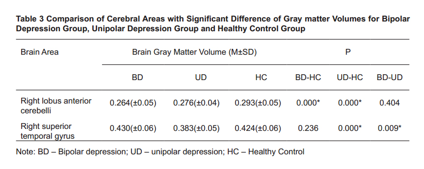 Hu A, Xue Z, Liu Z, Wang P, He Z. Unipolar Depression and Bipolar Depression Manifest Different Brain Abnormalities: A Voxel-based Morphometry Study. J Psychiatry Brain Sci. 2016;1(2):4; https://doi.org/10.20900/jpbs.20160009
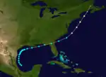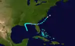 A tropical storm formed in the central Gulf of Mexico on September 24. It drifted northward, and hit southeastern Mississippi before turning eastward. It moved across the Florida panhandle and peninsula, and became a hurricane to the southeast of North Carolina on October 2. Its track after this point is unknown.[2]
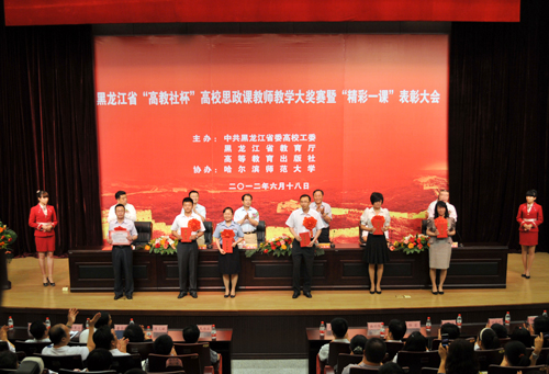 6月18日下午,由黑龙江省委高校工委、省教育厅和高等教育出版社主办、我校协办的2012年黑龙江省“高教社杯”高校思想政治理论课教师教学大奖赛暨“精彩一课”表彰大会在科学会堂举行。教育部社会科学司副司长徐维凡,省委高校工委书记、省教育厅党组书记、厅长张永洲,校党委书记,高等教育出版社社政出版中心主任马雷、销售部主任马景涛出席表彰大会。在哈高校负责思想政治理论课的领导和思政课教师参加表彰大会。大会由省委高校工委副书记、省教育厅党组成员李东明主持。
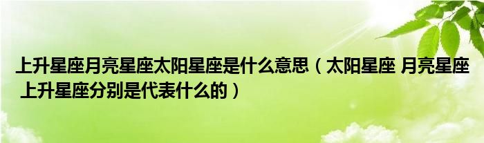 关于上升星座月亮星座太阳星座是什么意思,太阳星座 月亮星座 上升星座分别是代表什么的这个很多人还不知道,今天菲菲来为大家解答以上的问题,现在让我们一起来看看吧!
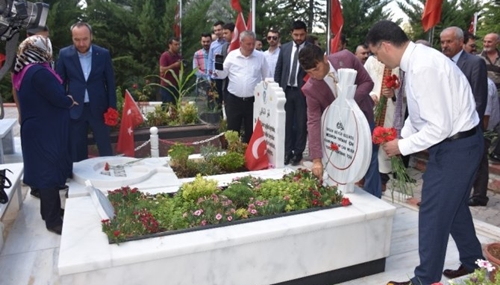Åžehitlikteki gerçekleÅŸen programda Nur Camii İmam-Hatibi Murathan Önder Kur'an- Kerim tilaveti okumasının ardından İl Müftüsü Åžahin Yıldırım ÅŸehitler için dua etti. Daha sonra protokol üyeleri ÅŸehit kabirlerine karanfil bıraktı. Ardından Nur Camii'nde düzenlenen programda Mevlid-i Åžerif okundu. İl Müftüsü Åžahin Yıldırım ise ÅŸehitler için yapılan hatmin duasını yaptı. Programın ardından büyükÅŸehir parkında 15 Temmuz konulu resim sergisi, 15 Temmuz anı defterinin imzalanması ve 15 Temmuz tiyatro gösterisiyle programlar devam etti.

----

● **What is expected**: Leaving out the pictures, restate each line of the listing above verbatim, from the opening line to the line bearing "6月18日下午,由黑龙江省委", inclusive, and no more.

● **Answer section**:
 Hu A, Xue Z, Liu Z, Wang P, He Z. Unipolar Depression and Bipolar Depression Manifest Different Brain Abnormalities: A Voxel-based Morphometry Study. J Psychiatry Brain Sci. 2016;1(2):4; https://doi.org/10.20900/jpbs.20160009
 A tropical storm formed in the central Gulf of Mexico on September 24. It drifted northward, and hit southeastern Mississippi before turning eastward. It moved across the Florida panhandle and peninsula, and became a hurricane to the southeast of North Carolina on October 2. Its track after this point is unknown.[2]
 6月18日下午,由黑龙江省委高校工委、省教育厅和高等教育出版社主办、我校协办的2012年黑龙江省“高教社杯”高校思想政治理论课教师教学大奖赛暨“精彩一课”表彰大会在科学会堂举行。教育部社会科学司副司长徐维凡,省委高校工委书记、省教育厅党组书记、厅长张永洲,校党委书记,高等教育出版社社政出版中心主任马雷、销售部主任马景涛出席表彰大会。在哈高校负责思想政治理论课的领导和思政课教师参加表彰大会。大会由省委高校工委副书记、省教育厅党组成员李东明主持。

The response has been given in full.